[Dataset records]
== == ==

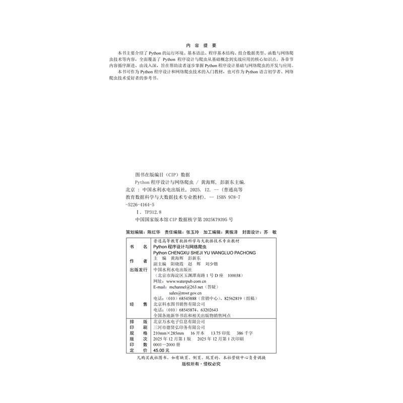 Python程序设计与网络爬虫(普通高等教育数据科学与大数据技术专业教材)
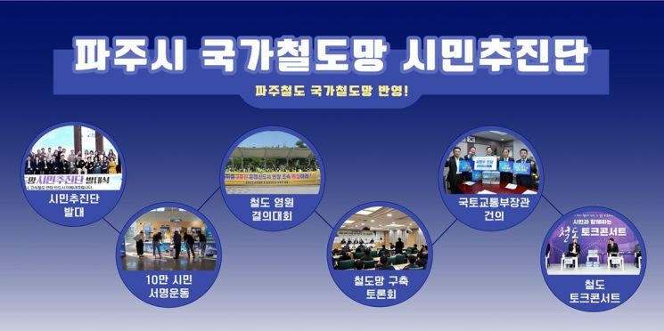 그 밖에도 범시민 결의대회와 국민청원, 대중공연 무대처럼 풀어낸 '철도 콘서트' 등 다양한 방식으로 파주 철도망 구축의 필요성을 알리고 정부를 설득하는 데 총력을 기울여왔다.
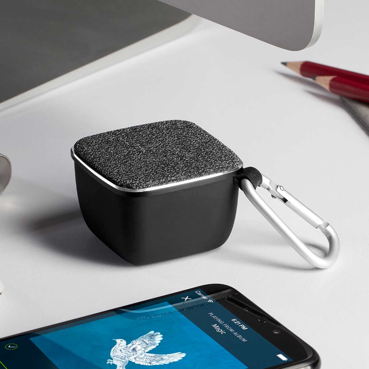 Bocina bluetooth con batería recargable de 3 hrs de reproducción aproximadamente. Incluye carabina y cable cargador USB. Leer más...
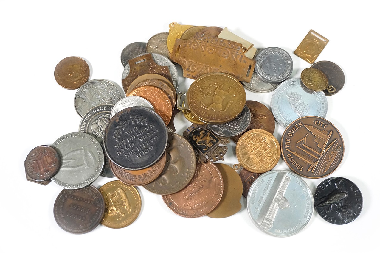 Plastic doosje (47) kleinformaat. Binnen- en buitenland, w.o. enkele zilveren.
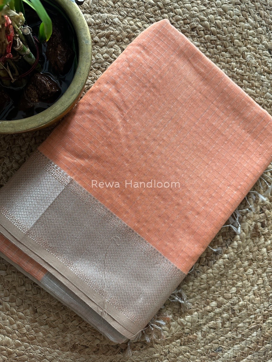 Maheshwari Peach Silver Zari Checks Silk Saree SZ068

== == ==

• **Task goal**
Your answer must be an exact copy of the lines from the line with "Plastic doosje (47)" to the final line of the data, both ends included, and no pictures.

• **Answer to the problem**
 Plastic doosje (47) kleinformaat. Binnen- en buitenland, w.o. enkele zilveren.
 Maheshwari Peach Silver Zari Checks Silk Saree SZ068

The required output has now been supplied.